BEGIN Data excerpts

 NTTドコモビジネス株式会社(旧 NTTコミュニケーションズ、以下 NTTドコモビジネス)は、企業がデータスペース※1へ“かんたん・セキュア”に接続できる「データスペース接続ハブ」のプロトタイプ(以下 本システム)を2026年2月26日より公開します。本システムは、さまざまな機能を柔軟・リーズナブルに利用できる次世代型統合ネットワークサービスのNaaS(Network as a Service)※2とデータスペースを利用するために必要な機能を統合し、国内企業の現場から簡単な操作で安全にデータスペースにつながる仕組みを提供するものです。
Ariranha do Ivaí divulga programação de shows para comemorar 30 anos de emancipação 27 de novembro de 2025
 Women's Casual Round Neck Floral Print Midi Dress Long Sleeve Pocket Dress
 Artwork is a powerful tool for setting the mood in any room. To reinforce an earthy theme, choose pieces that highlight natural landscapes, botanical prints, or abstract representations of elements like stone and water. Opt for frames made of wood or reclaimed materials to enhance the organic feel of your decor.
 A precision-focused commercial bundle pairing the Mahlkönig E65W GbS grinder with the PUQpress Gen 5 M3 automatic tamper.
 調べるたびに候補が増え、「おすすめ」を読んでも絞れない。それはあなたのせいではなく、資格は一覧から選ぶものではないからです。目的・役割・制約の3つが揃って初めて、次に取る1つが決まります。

END Data excerpts
BEGIN Data excerpts

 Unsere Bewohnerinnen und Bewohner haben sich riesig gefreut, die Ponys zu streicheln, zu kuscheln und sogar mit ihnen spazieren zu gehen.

END Data excerpts

§ About this task:
Give back precisely the lines above that start at the line containing "Ariranha do Ivaí" and end at the line containing "調べるたびに候補が増え、「お", inclusive. No other lines belong in the output.

§ Solution to this problem:
Ariranha do Ivaí divulga programação de shows para comemorar 30 anos de emancipação 27 de novembro de 2025
 Women's Casual Round Neck Floral Print Midi Dress Long Sleeve Pocket Dress
 Artwork is a powerful tool for setting the mood in any room. To reinforce an earthy theme, choose pieces that highlight natural landscapes, botanical prints, or abstract representations of elements like stone and water. Opt for frames made of wood or reclaimed materials to enhance the organic feel of your decor.
 A precision-focused commercial bundle pairing the Mahlkönig E65W GbS grinder with the PUQpress Gen 5 M3 automatic tamper.
 調べるたびに候補が増え、「おすすめ」を読んでも絞れない。それはあなたのせいではなく、資格は一覧から選ぶものではないからです。目的・役割・制約の3つが揃って初めて、次に取る1つが決まります。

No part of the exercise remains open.